Вся прелесть и вся мука европейской истории вытекают, быть может, из доведенной до предела дизъюнкции, противоречия, к которому пришли оба термина. Культура, разум стали до такой степени «чистыми», что дошли до почти полного разрыва комму­никации со спонтанной жизнью, остававшейся, в свою очередь, свободной, отважной и как бы первобытной. Высочайшее напря­жение породило ни с чем не сравнимый динамизм, неисчислимые перипетии и постоянные колебания нашей континентальной исто­рии. История Азии кажется нам каким-то растительным процес­сом, инертным существованием, лишенным той пружины, которая требуется для борьбы с силами Судьбы. Эта мощная пружина аостоянно разжималась — благодаря разности уровней между двумя полюсами жизни — на протяжении эволюции Запада. По­этому наилучшее объяснение европейского исторического процес­са дает фиксация различных этапов соотношения культуры и спонтанности.

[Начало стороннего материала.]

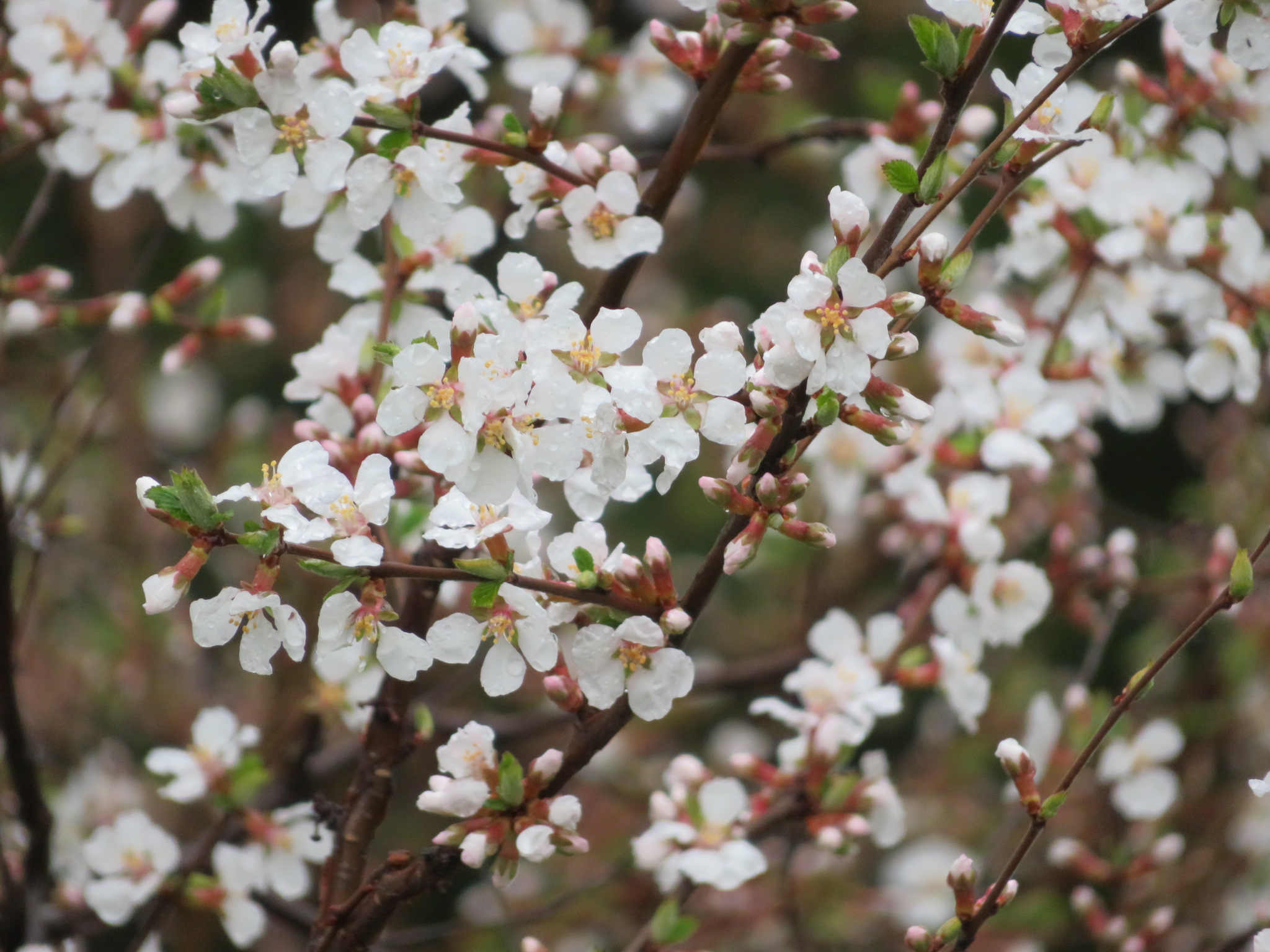 ユスラウメは、ウメに似た5弁の白~淡紅色の花を枝いっぱいに咲かせます。牧野富太郎博士によると、食用できる果実を収穫するのに木をゆするので、この名がつけられたのではないかといわれています。樹高は1.5~3m程度です。

Нельзя забывать, что культура, разум не всегда существовали на Земле. Хронологически точно установлен момент, когда был открыт объективный полюс жизни — разум. Можно сказать, что в тот день и родилась Европа. До этого существование на на­шем континенте не отличалось от существования в Азии или Египте. Но однажды на афинской площади Сократ открыл разум...

Вряд ли стоит всерьез вести разговор об обязанностях совре­менного человека, не отдавая себе отчета в значимости совершен­ного Сократом открытия. Оно является тайным ключом к европей­ской истории, без которого наше прошлое и настоящее остаются непонятными иероглифами.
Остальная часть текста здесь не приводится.